The witch’s stomach rumbled as they got to the front of the line.  The friend hopped on one foot.
She hopped faster when they got inside and spotted the show’s host at the front of the audience.  Both girls squealed and jumped up and down.  Only a few performers were ahead of them.  They watched the performer with the handstand trick.  The man in front of them rapped a few lines and was sent off stage.
At the steps to the stage, they handed in their information cards.
“You get twenty seconds each,” said the assistant at the table.  “We’ve got your numbers here, and we’ll call you if we need you to come back.”
The friend went first.  She stood at the microphone and belted out a ballad from a singer who had recently died.  She hit most of the high notes.
Then it was the witch’s turn.  From the stage, she peered out into the dark audience.  She could see the producers sitting in the front row.  She said her name into the microphone and was just about to sing.

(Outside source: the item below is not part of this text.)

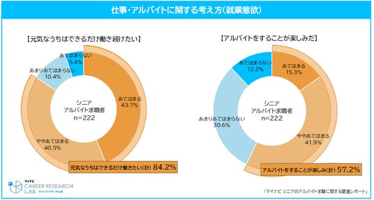 また、直近2カ月間(2025年5-6月)にアルバイトの求職活動をしたシニアに、仕事・アルバイトに関する考え方を聞いたところ、就業意欲では、「元気なうちはできるだけ働き続けたい」とした割合は84.2%(あてはまる+ややあてはまる)にのぼり、「アルバイトをすることが楽しみ」は57.2%と半数以上となった。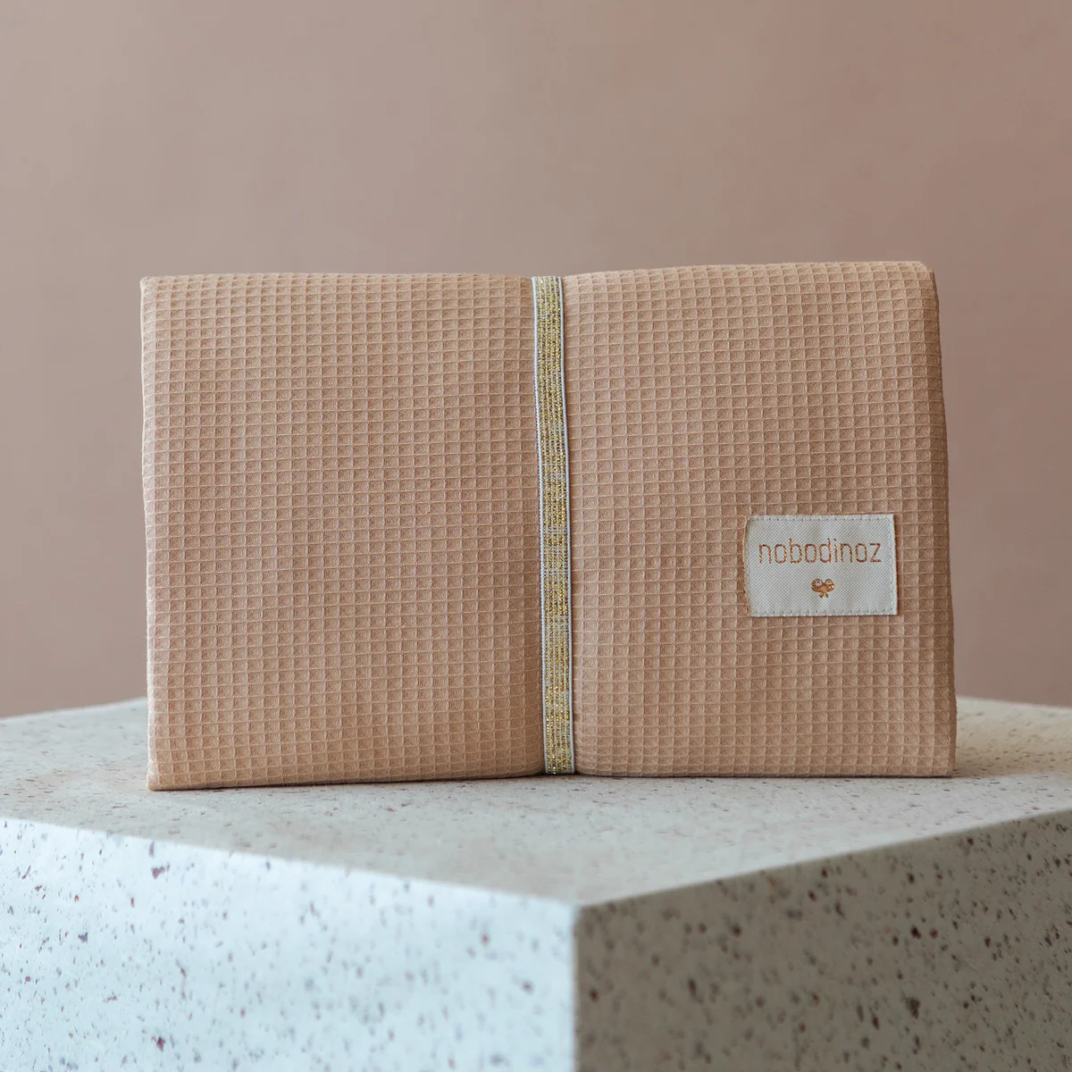 Die Mozart Wickelunterlage ist der ideale Begleiter für unterwegs. Mit ihr wird das Wickeln an jedem Ort zum Kinderspiel. Sie kann einfach eingerollt und mit dem mitgelieferten goldenen Gummiband zusammen gehalten werden.

The door on the other side of the theater opened.  The late afternoon sunlight shined in from the street.  She saw a man walk in the door, and an assistant approached him.  She watched their quick conversation.  The man motioned to her on the stage, and the assistant let him stay.
The witch sang her song and was ushered off the stage.  She saw it was the lion standing at the stage door waiting for them. 

“You girls need a ride home?” he said.  He had missed work to drive his car up to get them. “We can stop on the way home for burgers and fries.”